Exercise description = Print exactly what appears from the line containing "每当您在私人聊天中共享照片时,您都将有机会将其添加到Messenger Day。 您也可以通过手机发布照片。" through the final line of the data below, pictures excluded.

Supplied material =
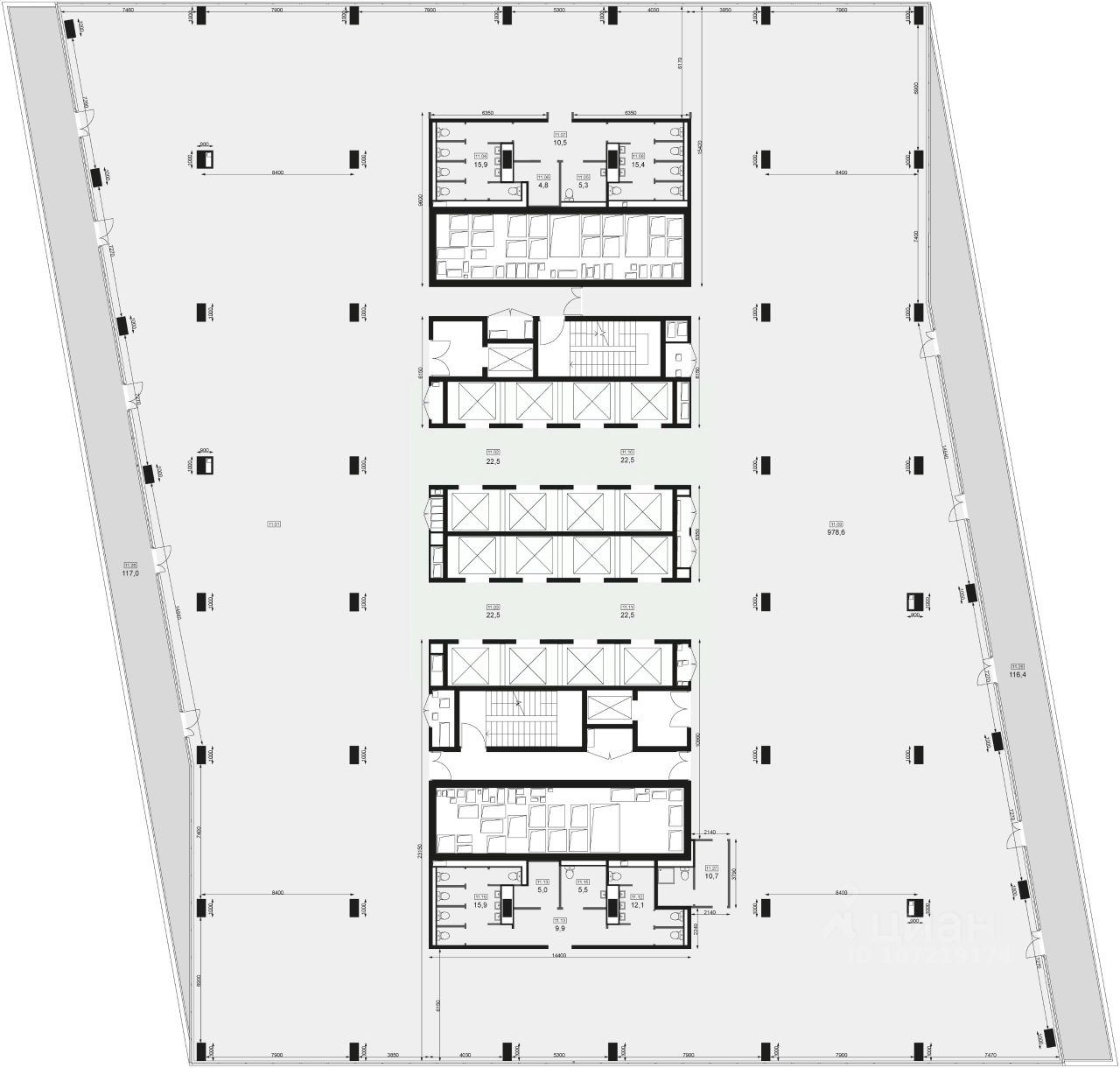 5 отдельных лифтовых групп, в т.ч. 17 грузопассажирских лифтов
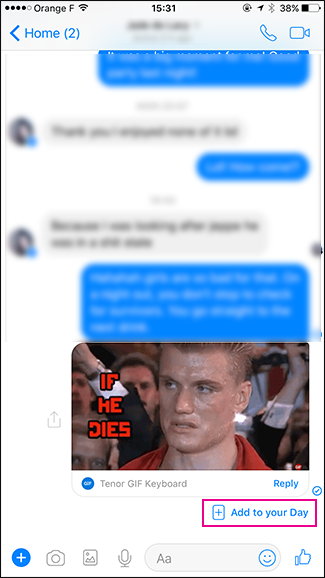 每当您在私人聊天中共享照片时,您都将有机会将其添加到Messenger Day。 您也可以通过手机发布照片。
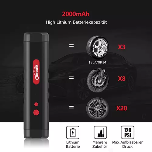 Auch diese beste Akku–Luftpumpe der Marke Oasser überzeugt mit einer überdurchschnittlich niedrigen Lautstärke in unserem Test. Hinsichtlich der Leistung muss man kleine Einsparungen machen, denn der Maximaldruck liegt bei nur knapp über 8 bar. Dazu kommt eine ziemlich geringe Akkukapazität von nur 2.000 mAh. Mithilfe eines 12 V Adapters lässt sich das Gerät aber zumindest auch im Auto laden.
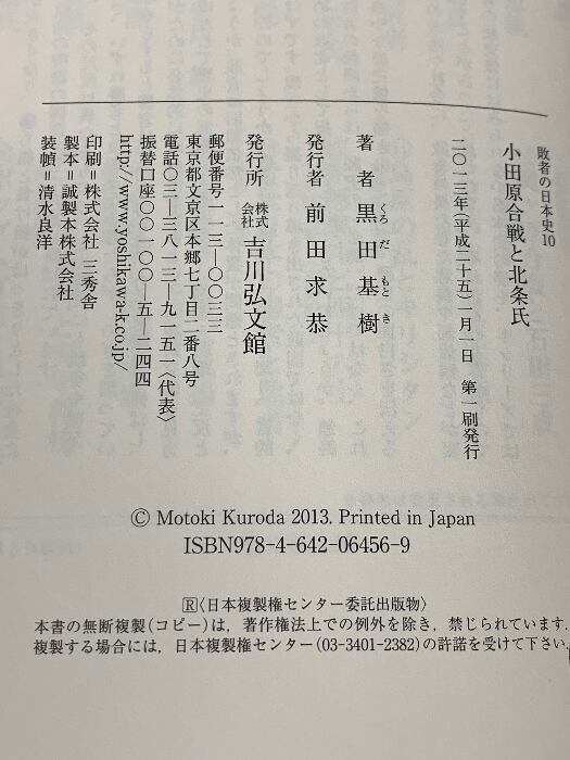 タイトル:小田原合戦と北条氏 (敗者の日本史 10) 吉川弘文館 黒田 基樹

Exercise response =
 每当您在私人聊天中共享照片时,您都将有机会将其添加到Messenger Day。 您也可以通过手机发布照片。
 Auch diese beste Akku–Luftpumpe der Marke Oasser überzeugt mit einer überdurchschnittlich niedrigen Lautstärke in unserem Test. Hinsichtlich der Leistung muss man kleine Einsparungen machen, denn der Maximaldruck liegt bei nur knapp über 8 bar. Dazu kommt eine ziemlich geringe Akkukapazität von nur 2.000 mAh. Mithilfe eines 12 V Adapters lässt sich das Gerät aber zumindest auch im Auto laden.
 タイトル:小田原合戦と北条氏 (敗者の日本史 10) 吉川弘文館 黒田 基樹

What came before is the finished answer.